Волков несколько секунд молчал, чтобы собраться с мыслями. Он уже давно обдумал этот вопрос. Слова сами просились на язык, требовалось только сделать их убедительными. Он начал:
— Мне приходится говорить о деле, коему у нас еще не было примеров. И говорить перед столь высокими слушателями. Музыка не моя область, но я ее чувствую и занимался ею. Почитаю, что музыка — это есть выражение в звуках музыкальных души народной, ее страданий и радостей. Всякий напев — голос сердца нашего. Дабы голос был верен, необходимо самому испытать состояние, кое он выражает. Каждый народ, каждая нация, каждое сословие понимает жизнь по-своему и по-своему ее переживает. Передадим мы правильно эти переживания — и мы будем иметь основу музыки национальной. Возможно подойти к делу и инако: подражать виденному и слышанному поверхностно, не переживая, не углубляясь в причины, его породившие. Это тоже будет музыка, но музыка фальшивая, поддельная. И подобная музыка многим способна нравиться больше. Она легка, как ветерок скользит по поверхности, не задевая глубоких струн сердца. А те, будучи задеты глубоко подлинным чувством, часто отзываются весьма болезненно во всем существе человека. Вызвать сию по-своему приятную боль, боль возвышающую и очищающую душу, может только подлинная правда жизни, перенесенная в искусство музыки — как, впрочем, и во всякое иное искусство, наипаче же в искусство драматическое, во многом родственное музыке и из нее рожденное.
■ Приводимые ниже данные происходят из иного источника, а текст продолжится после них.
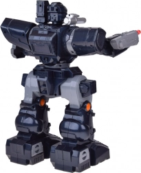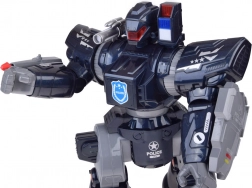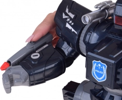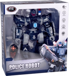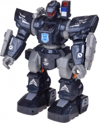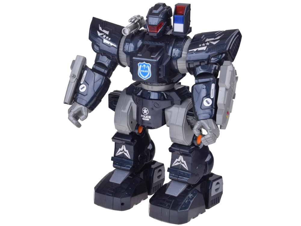 Mettete in servizio un guardiano dell’ordine futuristico. Il robot RC della polizia in colore blu scuro–grigio con emblemi POLICE colpisce per la costruzione robusta, le braccia mobili e l’equipaggiamento sulle spalle. Il controllo è intuitivo grazie al telecomando chiaro: il robot si muove avanti/indietro, ruota e balla con luci e musica.

От каждого человека-артиста мы можем требовать только того, что он приобрел и накопил в течение своей жизни, что может передать на основании воспоминаний о пережитом, перечувствованном, добытом из опыта. Жизнь каждого народа слагается по-разному. По-разному же слагаются и характеры людей разных состояний. Рожденному под лазурным небом Италии трудно проникнуться красотами неба северного, скучного и хмурого, редко радостного. Но мы, рожденные под этим унылым небом, находим в нем такие красоты и очарования, лишение которых подчас бывает для нас равносильным отчаянию и смерти. Итальянец тщетно будет искать в наших радостях причин, их вызывающих. Он их не найдет. Его собственные радости вызываются причинами иного рода. Тако ж и касательно страданий, — глубоких, потаенных, подавленных, избегающих вылезать наружу. Они вызываются общим укладом нашей жизни и глубокого прячутся от посторонних глаз. Кто их не пережил, не сделал своими, тот не сможет ни постичь их, ни почувствовать, ни тем более передать средствами искусства. Мне кажется, я понял правильно сомнения синьора Арайи, когда он, говоря о глубине национальной музыки, указывал на свое сердце.